Question

Show how you would connect $3$ resistors, each of resistance $6$ ohm so that the combination has a resistance of (i) $9$ ohm (ii) $4$ ohm

Answer 1

Hint
In the given question, we have been provided with three resistances and we can connect them in any possible manner that comes to us, with the condition that the equivalent resistance of the circuit has a certain given value.
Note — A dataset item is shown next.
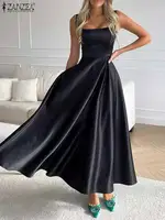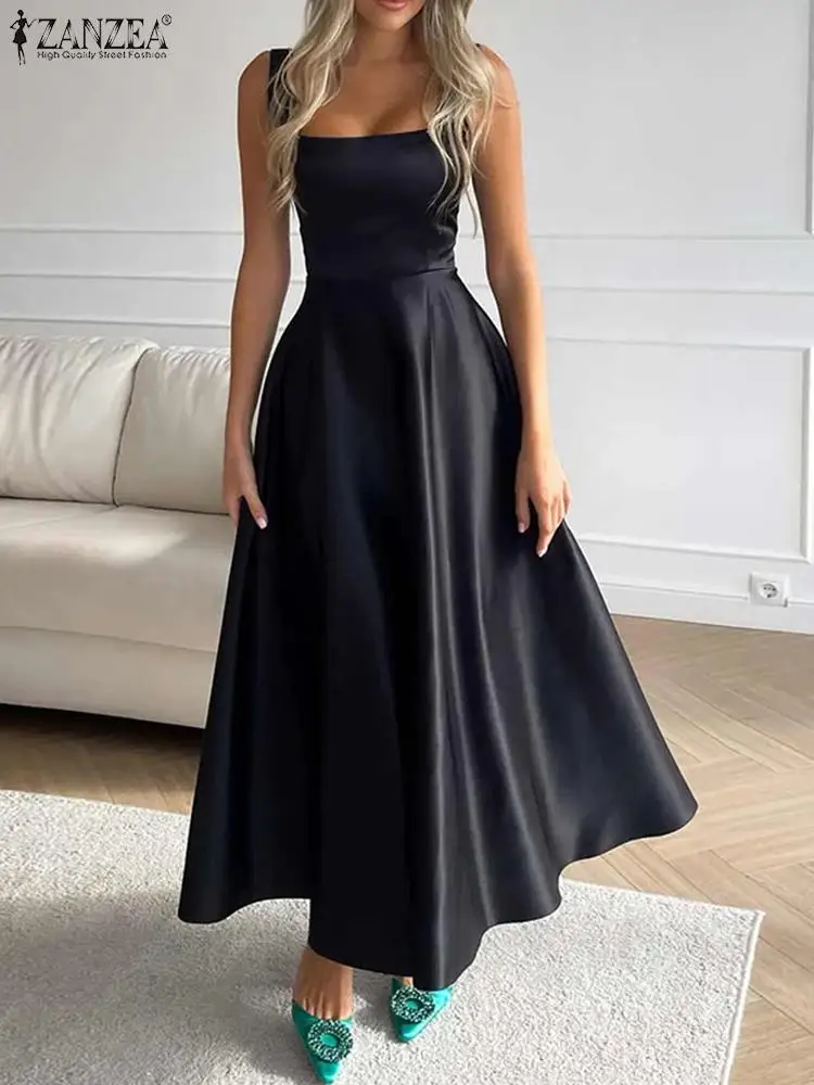 ZANZEA Sexy Strap Tank Dresses Women Fashion Square Collar Maxi Sundress Vintage Satin Waisted Dress

If the value of the equivalent resistance of the circuit is more than the individual resistance, we can say that the no. of series connection will be more than or equal to the no. of parallel connections, and the inverse situation also stands true.
$\Rightarrow {{\text{R}}_{\text{series}}}={{R}_{1}}+{{R}_{2}}+{{R}_{3}}+--+{{R}_{n}}$ , $\dfrac{\text{1}}{{{\text{R}}_{\text{parallel}}}}=\dfrac{1}{{{R}_{1}}}+\dfrac{1}{{{R}_{2}}}+\dfrac{1}{{{R}_{3}}}+--+\dfrac{1}{{{R}_{n}}}$

Complete step by step answer
Before proceeding ahead, we should establish that
$\Rightarrow {{\text{R}}_{\text{series}}}={{R}_{1}}+{{R}_{2}}+{{R}_{3}}+--+{{R}_{n}}$ where $\Rightarrow {{\text{R}}_{\text{series}}}$ is the equivalent resistance for series connection
If the resistances have equal values, such as in the question given to us, we can say that
$\Rightarrow {{\text{R}}_{\text{series}}}=nR$ where $n$ is the no. of resistors and $R$ is the value of one resistor
Similarly, we can establish an expression for parallel combination of resistors
$\Rightarrow \dfrac{\text{1}}{{{\text{R}}_{\text{parallel}}}}=\dfrac{1}{{{R}_{1}}}+\dfrac{1}{{{R}_{2}}}+\dfrac{1}{{{R}_{3}}}+--+\dfrac{1}{{{R}_{n}}}$
Now if the resistances have equal values, we can say that
$\Rightarrow \dfrac{\text{1}}{{{\text{R}}_{\text{parallel}}}}=\dfrac{n}{R}\Rightarrow {{\text{R}}_{\text{parallel}}}=\dfrac{R}{n}$
In the first case, we have to form a resultant resistance of nine ohm; this equivalent resistance is more than the value of the individual resistance (which is six ohm), so the no. of series connection should be more than or equal to the no. of parallel connections.
If we connect two of the given resistors in series, the resultant would be $(2\times 6\Omega )=12\Omega$
But this is not the requires value, therefore we must now try making one series and one parallel connection as follows

In the above figure, the equivalent resistance of the part AB of the circuit would be $\dfrac{6\Omega }{2}=3\Omega$
The net resistance across AC would hence be $6\Omega +3\Omega =9\Omega$ which is the required net resistance
To answer the second part of the question, the circuit would be as the one given below

In the above circuit, the resistance of the part AB of the circuit would be $(6+6)\Omega =12\Omega$
Now the arm AB is in parallel with the $6\Omega$ resistance .
The equivalent resistance can now be calculated as -
$\Rightarrow \dfrac{\text{1}}{{{\text{R}}_{\text{parallel}}}}=\dfrac{1}{12}+\dfrac{1}{6}$
$\Rightarrow \dfrac{\text{1}}{{{\text{R}}_{\text{parallel}}}}=\dfrac{3}{12}$
$\Rightarrow {{\text{R}}_{\text{parallel}}}=12/3=4\Omega$
This is the required answer to the second part of our question.

Note
Please refer to the beginning of the solution, where we have established the expression for series and parallel combination of equal resistors if you get confused as to where to multiply and where to divide the resistances. In the second part, we can also use six resistors with three resistors in a parallel combination and two such combinations in series. This question works on a hit and trial method so feel free to make several circuits.